[Work to be completed] Ignoring every picture, return the lines of the listing below word for word, from the line that holds "C’est alors qu’au" through the line that holds "нам @myburo_shop #myburo_онас@myburo_channel".

[Records shown]
# # # # # # #
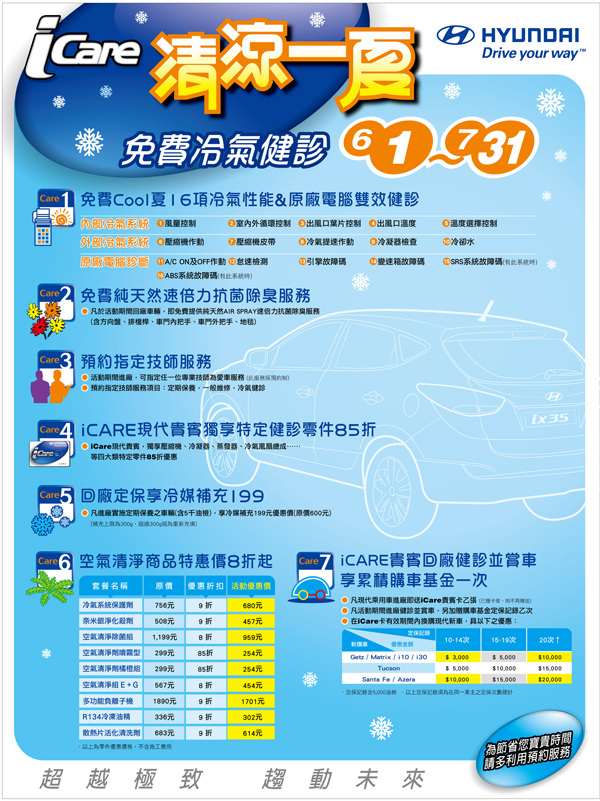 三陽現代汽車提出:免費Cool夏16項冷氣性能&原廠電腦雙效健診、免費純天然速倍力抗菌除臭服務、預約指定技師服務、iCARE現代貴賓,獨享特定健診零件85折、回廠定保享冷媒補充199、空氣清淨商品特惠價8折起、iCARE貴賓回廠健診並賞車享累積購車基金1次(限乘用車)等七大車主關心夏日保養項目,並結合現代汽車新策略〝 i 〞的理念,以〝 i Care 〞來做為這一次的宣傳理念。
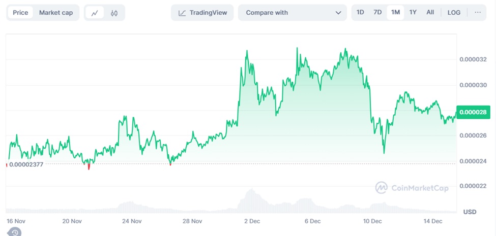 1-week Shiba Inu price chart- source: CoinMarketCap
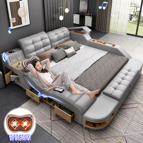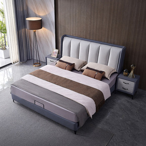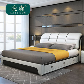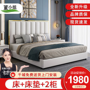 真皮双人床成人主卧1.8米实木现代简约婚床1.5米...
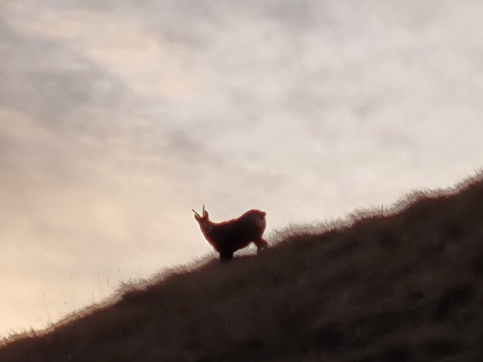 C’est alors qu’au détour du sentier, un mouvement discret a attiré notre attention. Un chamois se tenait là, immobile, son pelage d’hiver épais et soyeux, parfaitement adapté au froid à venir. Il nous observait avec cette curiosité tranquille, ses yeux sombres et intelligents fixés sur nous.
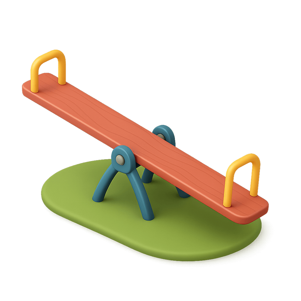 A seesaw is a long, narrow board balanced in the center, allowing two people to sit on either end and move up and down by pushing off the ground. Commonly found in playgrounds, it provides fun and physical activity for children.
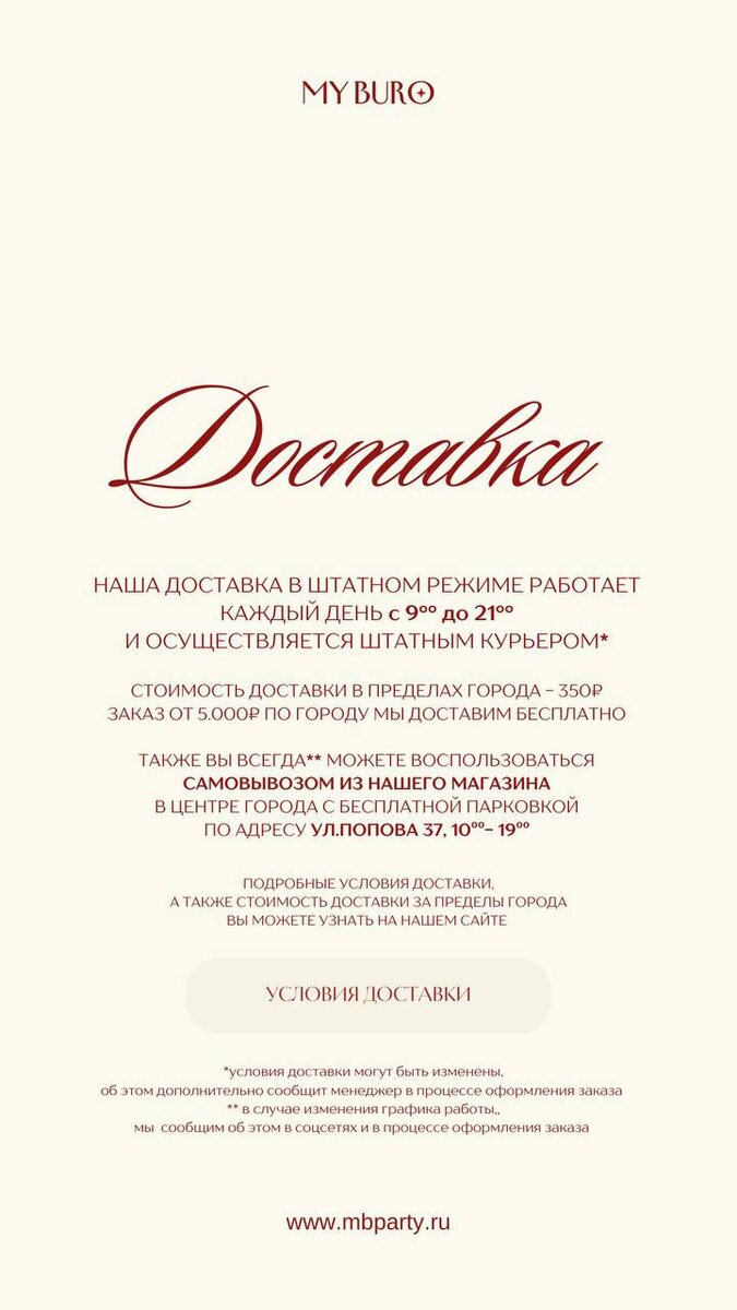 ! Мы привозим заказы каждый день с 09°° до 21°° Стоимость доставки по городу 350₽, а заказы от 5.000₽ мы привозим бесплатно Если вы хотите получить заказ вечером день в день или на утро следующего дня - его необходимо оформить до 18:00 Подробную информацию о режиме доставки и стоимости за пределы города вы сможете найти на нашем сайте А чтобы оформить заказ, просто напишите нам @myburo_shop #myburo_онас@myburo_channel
# # # # # # #
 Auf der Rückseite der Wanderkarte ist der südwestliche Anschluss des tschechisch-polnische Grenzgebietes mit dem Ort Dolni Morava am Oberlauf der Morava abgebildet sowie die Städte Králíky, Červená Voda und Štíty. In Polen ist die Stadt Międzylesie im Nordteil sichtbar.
# # # # # # #
[Response for this exercise]
 C’est alors qu’au détour du sentier, un mouvement discret a attiré notre attention. Un chamois se tenait là, immobile, son pelage d’hiver épais et soyeux, parfaitement adapté au froid à venir. Il nous observait avec cette curiosité tranquille, ses yeux sombres et intelligents fixés sur nous.
 A seesaw is a long, narrow board balanced in the center, allowing two people to sit on either end and move up and down by pushing off the ground. Commonly found in playgrounds, it provides fun and physical activity for children.
 ! Мы привозим заказы каждый день с 09°° до 21°° Стоимость доставки по городу 350₽, а заказы от 5.000₽ мы привозим бесплатно Если вы хотите получить заказ вечером день в день или на утро следующего дня - его необходимо оформить до 18:00 Подробную информацию о режиме доставки и стоимости за пределы города вы сможете найти на нашем сайте А чтобы оформить заказ, просто напишите нам @myburo_shop #myburo_онас@myburo_channel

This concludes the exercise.